- _Work request_
Apart from the images, repeat the data below exactly as written.

- _Supplied material_
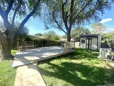 Delightful single story home on large corner lot, shaded with mature trees and ready for your personal updates! Skylight provides natural light to kitchen. Backyard has a large deck with seating, great for entertaining and relaxing, plus a shed for extra storage. Less than 3 minutes from Comanche Lookout Park. GREAT LOCATION! Convenient to schools, Randolph AFB and Shopping.
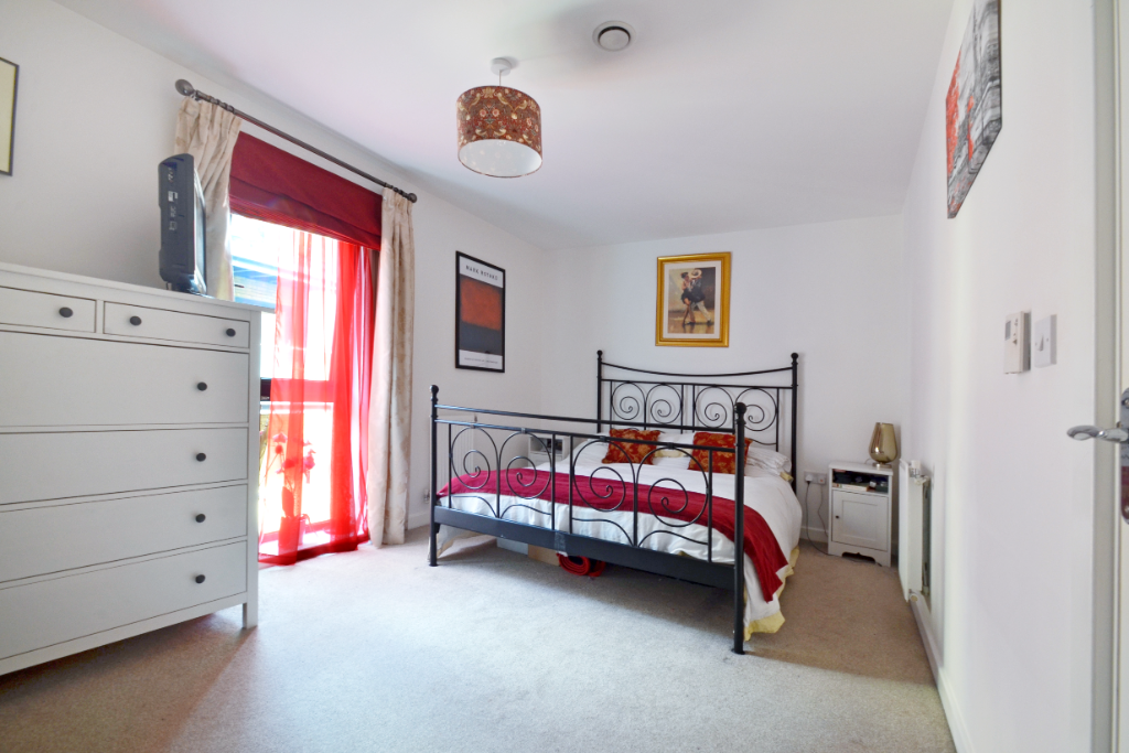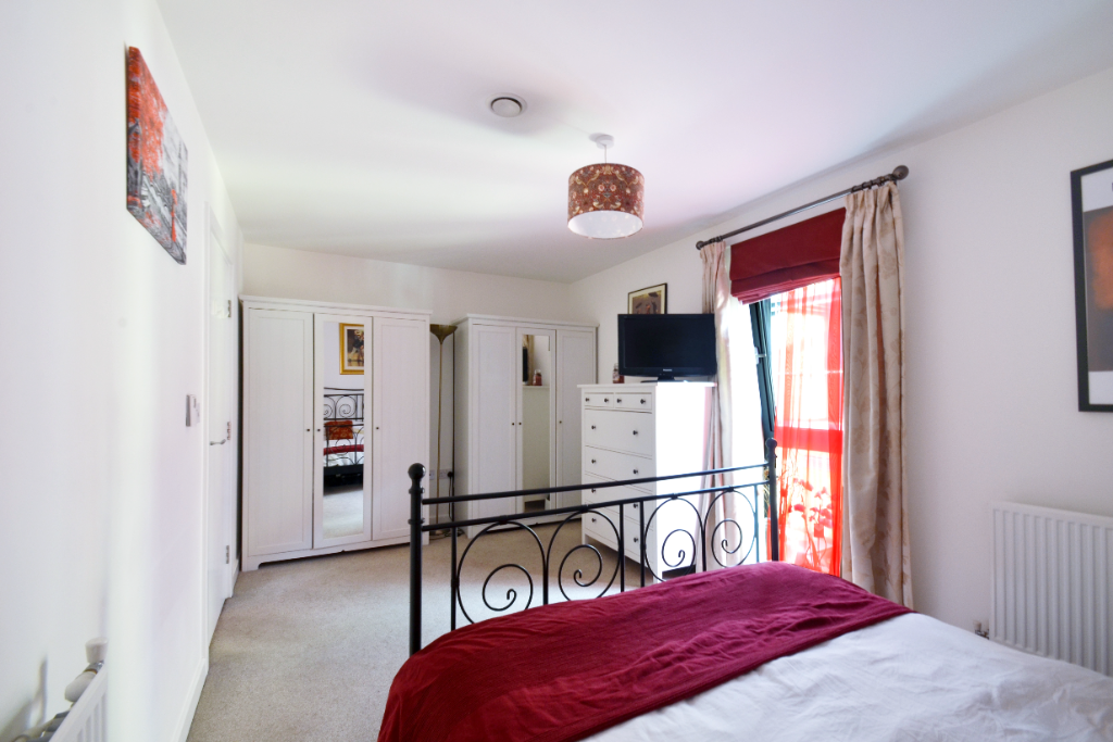 Bedroom 2: Double bedroom with floor to ceiling windows. Beige carpet flooring.
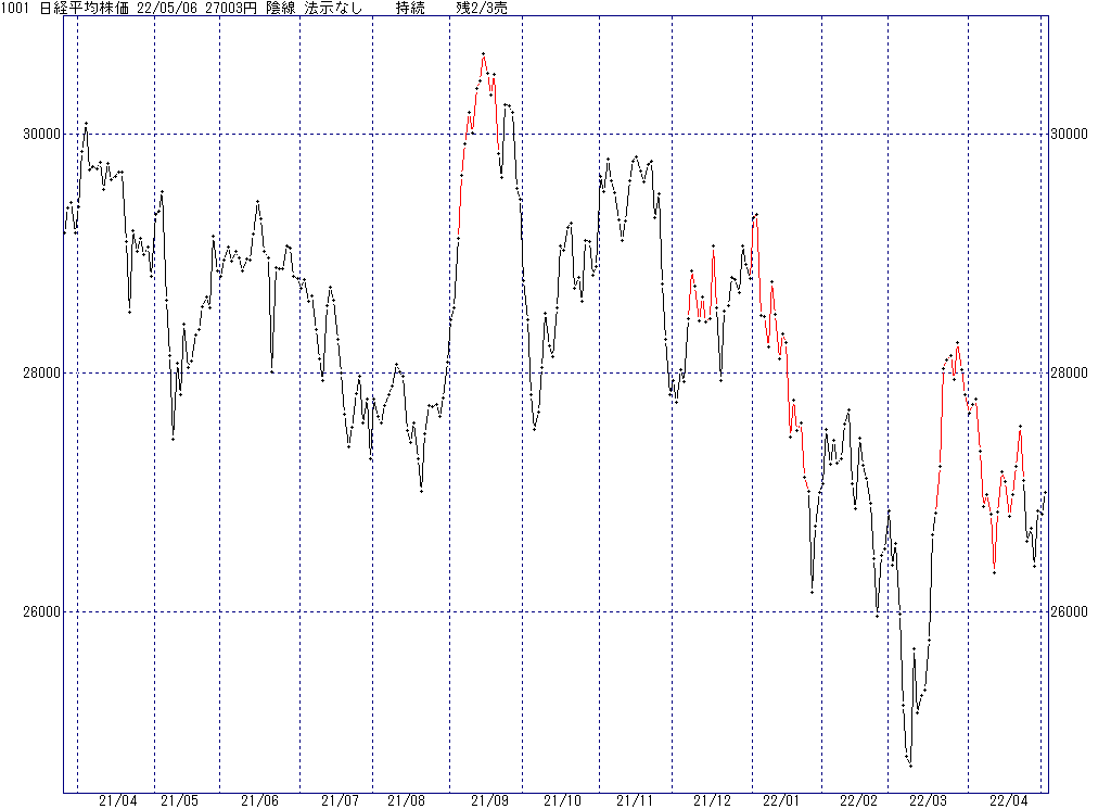 2022年5月2日(月)日中の取引終了時点で算出した中源線シグナルです。

- _Solved problem_
 Delightful single story home on large corner lot, shaded with mature trees and ready for your personal updates! Skylight provides natural light to kitchen. Backyard has a large deck with seating, great for entertaining and relaxing, plus a shed for extra storage. Less than 3 minutes from Comanche Lookout Park. GREAT LOCATION! Convenient to schools, Randolph AFB and Shopping.
 Bedroom 2: Double bedroom with floor to ceiling windows. Beige carpet flooring.
 2022年5月2日(月)日中の取引終了時点で算出した中源線シグナルです。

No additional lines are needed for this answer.